From that moment on, it was a little more than ten years before he began his studies. He enrolled for physics and mathematics in Regensburg, which was the closest university from his home. During his doctoral thesis in physics, he attended his first scientific conference in Granada, Spain. "I had no idea how things were going there and was totally nervous. My PhD supervisor finally introduced me to his Spanish cooperation partner," says Fabian Theis. Despite all his retrospective modesty, he must have made an impression: Only one year after his doctorate in physics in Regensburg, he completed his doctoral thesis in computer science in Granada. He then continued his research at two Japanese universities and in the USA before finally going to the Max Planck Institute for Dynamics and Self-Organization in Göttingen and finally to Helmholtz Zentrum München.
But how did he get into medicine, of all places, when Big Data is such a broad subject? Fabian Theis laughs. "Yes, I was actually involved in a project where they tried to understand how dollar bills travel around the world. And you can also analyze the flow of goods between countries and the like with Big Data. But there was something else about biology that appealed to him: unpredictability. "If I throw a ball, I can calculate its trajectory in physics to an exact formula. This kind of modeling never works for a biological problem."
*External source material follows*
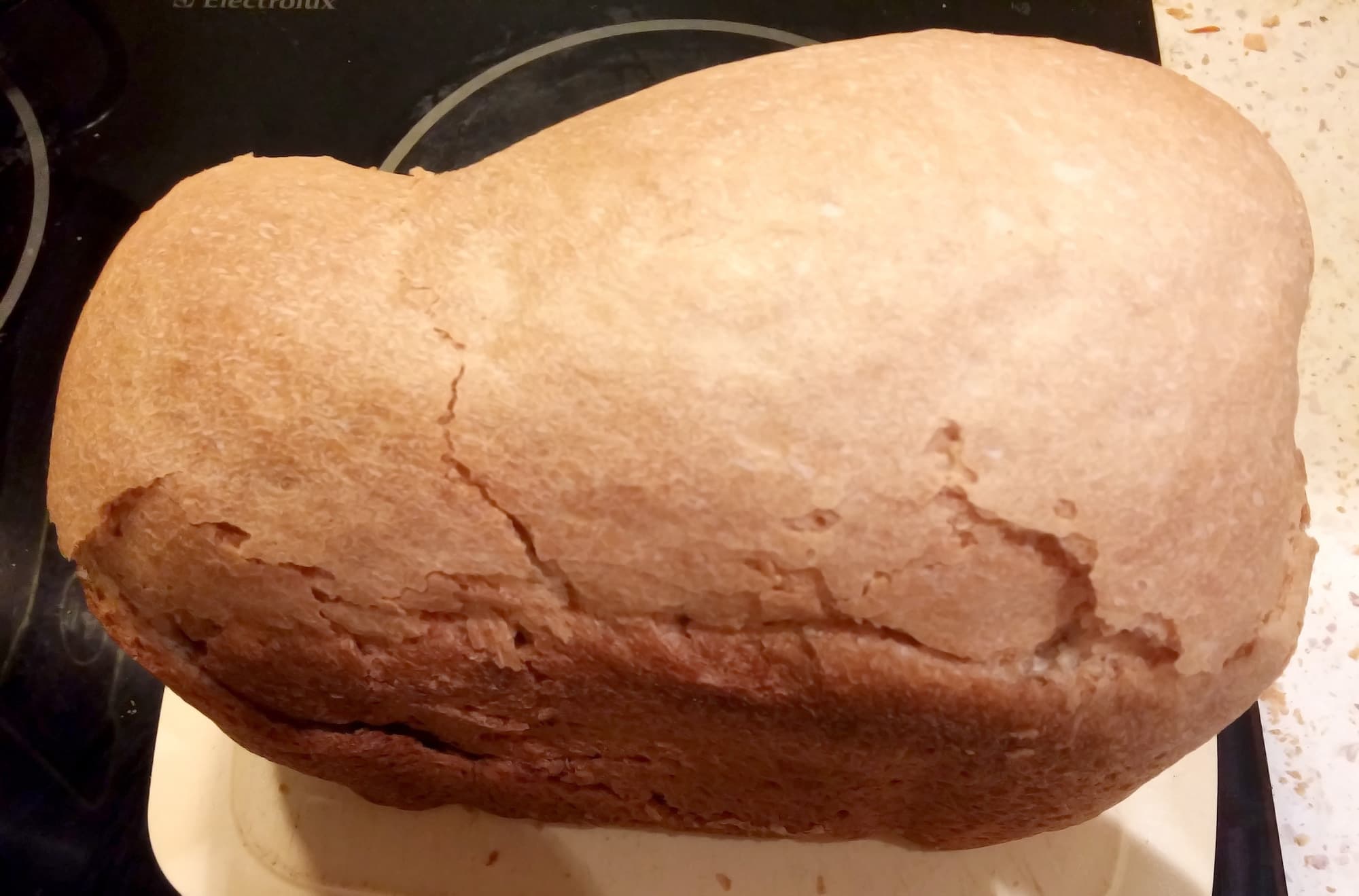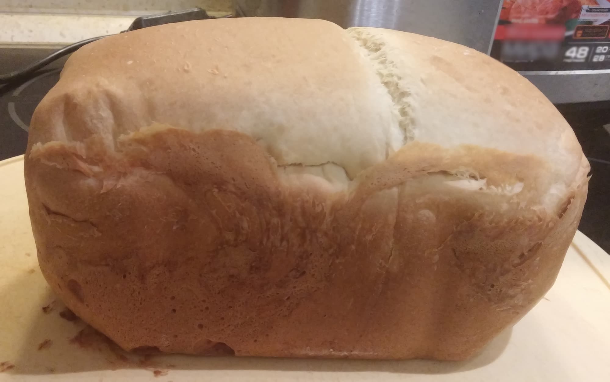Нам показалось странным, что рецепт с таким названием использует не соответствующий режим «Белый хлеб», а «Сэндвич». Однако результат нас порадовал, хлеб получился пышным, в меру румяным, хотя эстетика немного пострадала из-за трещины на верхней корочке.

And there is another thing that fascinates him about medical research: sheer speed. "I have never encountered such a fast field before," says Fabian Theis, "not even computer technology is making such rapid progress. He recalls the Human Genome Project, where it took more than a decade and cost several million dollars to decipher the human genome - "today it can be done in a week and for a few hundred dollars". This has had a huge impact on his research, in which he relies on gene analysis. When Fabian Theis talks about it, however, he does not sound intimidated at all by the rapid pace of change. On the contrary: he tells with audible fascination. "This is really cool for us," he shouts.
For him, every further technical advance is like a flashlight with which he can shine into ever new and unexplored corners of the cells with his Big Data methods.
The Initiative ELLIS (European Laboratory)
The ELLIS (European Laboratory for Learning and Intelligent Systems) initiative aims to create a diverse European network that promotes research excellence and drives breakthroughs in AI. Rather than creating a virtual network between institutions, ELLIS aims to create new working environments for researchers and enable them to combine cutting-edge research with start-ups and industrial applications.
ELLIS was officially launched in September 2020 - with 30 units at research institutions throughout Europe, including Helmholtz Zentrum München and TU München. Fabian Theis is Co-Director at the Munich location.